In the later nineteenth century, magazines and journals were full of sensational accounts of the travels of middle-class reporters amongst the urban poor. The best known example is probably Henry Mayhew's work London Labour and the London Poor  (first volume published 1851).  Charles Dickens published pieces like this in All the Year Round and included some in his 1860s collection The Uncommercial Traveller. Charles Booth, when he began to investigate London life in the 1880s for the survey that would eventually be published as The Life and Labour of the People of London expected to expose the exaggerations and sentimentality of such writings.  He was, however, genuinely appalled by the extent of the poverty he saw and his own book appears to sit in much the  same tradition (Abbott, 1917).  

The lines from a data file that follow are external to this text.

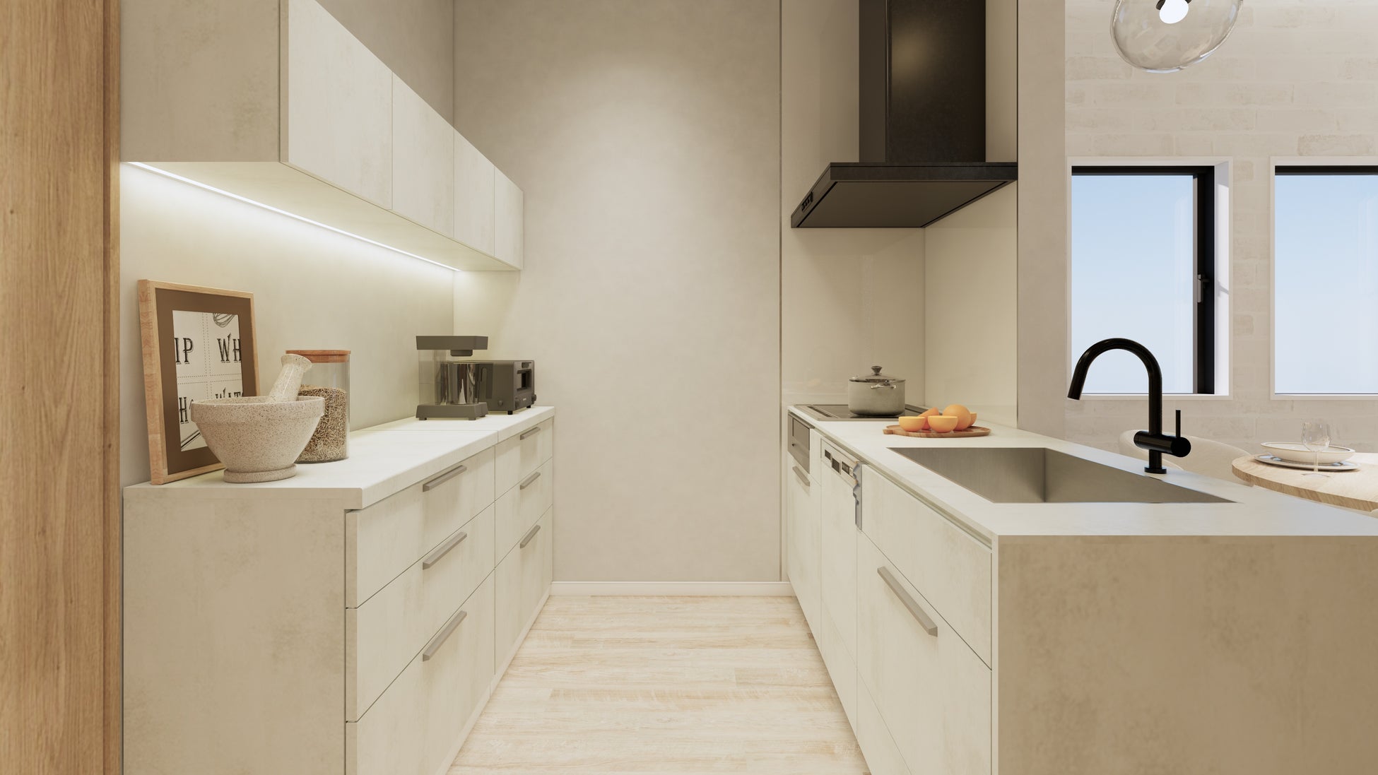 開放感のある天井高3メートル、デザイン性と機能性を兼ね備えたGRAFTEKT社製キッチン、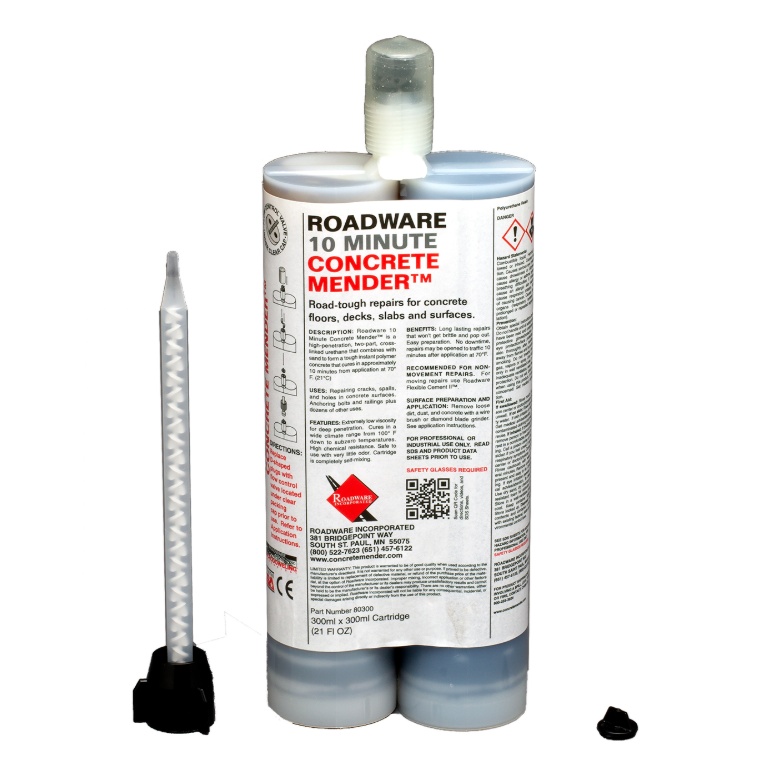 Roadware 10 Minute Concrete Mender is a two-part polyurethane that penetrates deep into concrete to make permanent repairs. Nearly thin as water, Concrete Mender actually injects itself into the matrix of the concrete and shores up the existing concrete as well as making the repair.   Permanent repair in 10 minutes. In just minutes after application, Concrete Mender cures to a tough 4500psi.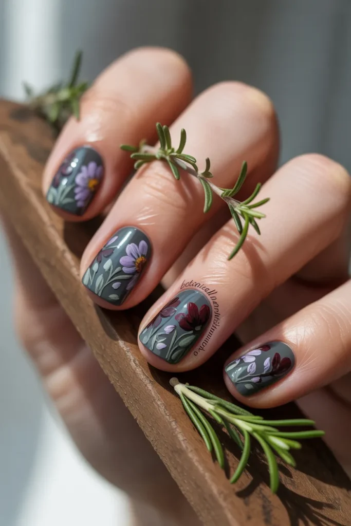 Witch garden nails combine dark florals with earthy tones for a soft yet mystical look. Designs often include herbs, flowers, and vines layered over a moody background. This style feels natural, feminine, and enchanting all at once. Perfect for those who love botanical magic.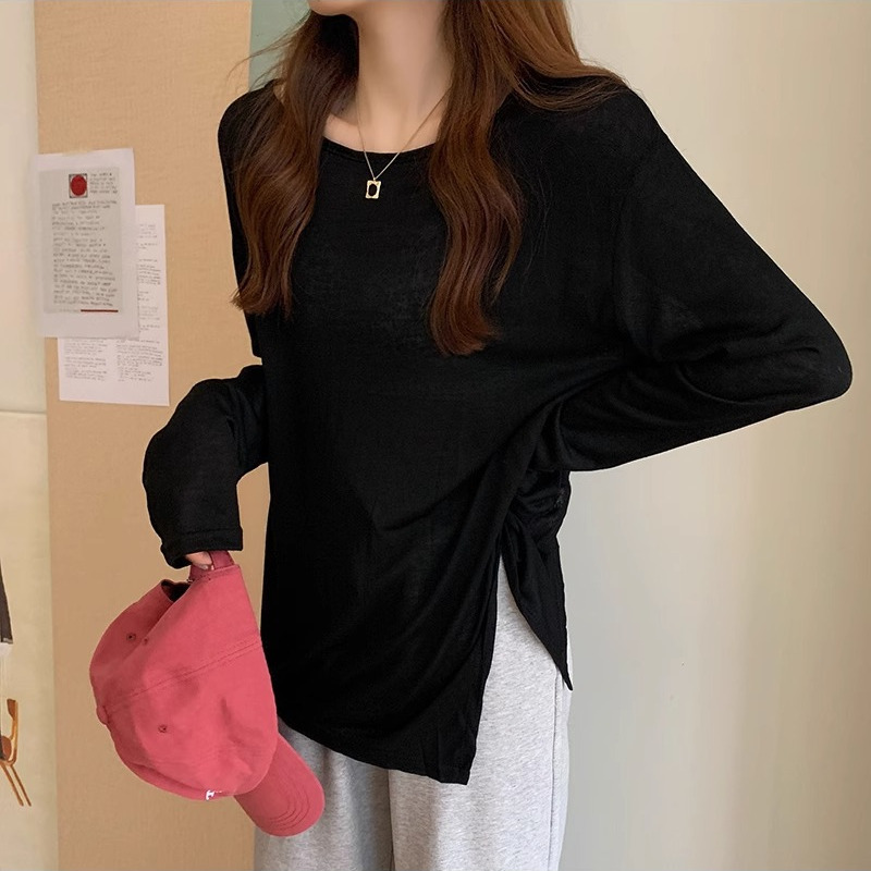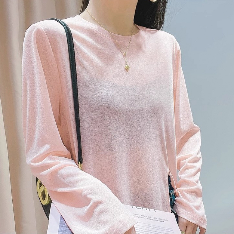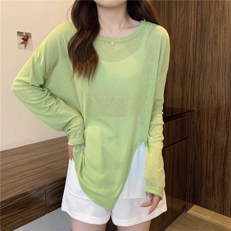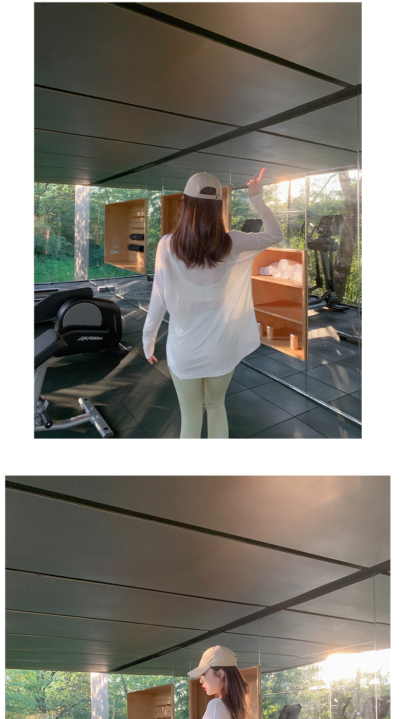 아이스 실크 선 스크린 의류 여성 의상 여름 느슨한 스포츠 긴 소매 분할 얇은 통기성 요가 셔츠 블라우스 트렌디스토어 가기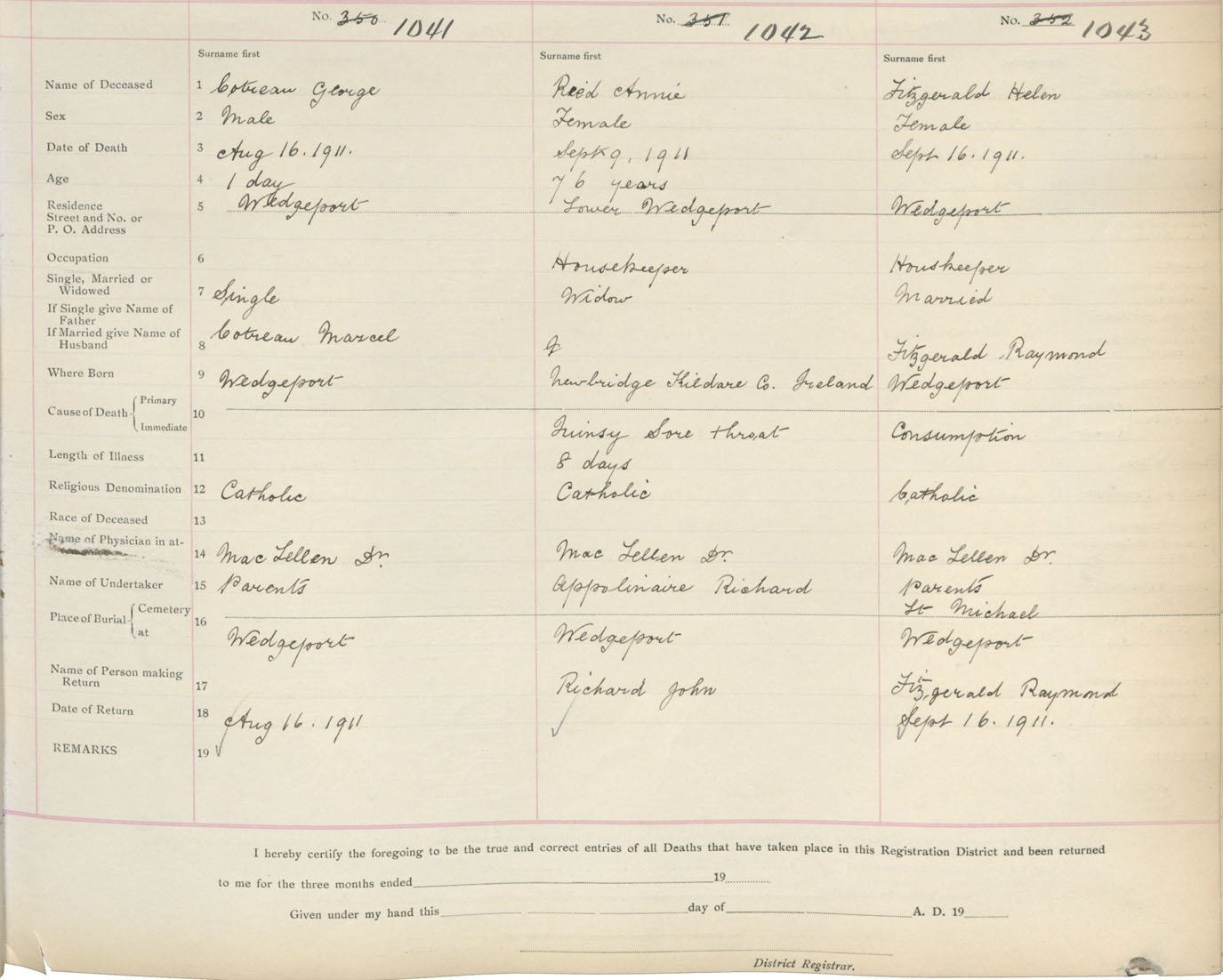 Death Registration: Year: 1911 book: 19 page: 178 number: 1043

Two journalists from this period who took a particular interest in the problem of hungry school children were George R. Sims and Charles Morley.  Until 1906, local authorities were not allowed to fund school dinners and there was a great deal of concern about, as Sims put it, the ‘the starving children’ who came ‘day after day to school with feeble frames and bloodless bodies’ and who were hardly in a position to benefit from the education provided (1889: 35).  The first attempts to address the issue were made by charities.  These charities relied on the oxygen of publicity and it was journalists who could provide this. 

 

George Sims (1847 – 1922) wrote the ‘Mustard and Cress’ column under the pen name ‘Dagonet’ in The Referee from 1877.  He also wrote for the Sunday Dispatch, the Daily News and Pictorial World and some of his articles were collected into books with the starkly unambiguous titles How the Poor Live and Horrible London (Waller, 2004).  Sims joined forces with Elizabeth Burgwin, the pioneering head of Orange Street School in Southwark, to use The Referee to raise funds to provide dinners for the school’s children from the winter of 1884/1885. The fund was subsequently used to support children from other local schools and by the early twentieth century it was the largest such charity in London (Horn, 1990).  Sims regularly asked his readers for donations, informed them when enough had been collected for a particular year and thanked them for their efforts.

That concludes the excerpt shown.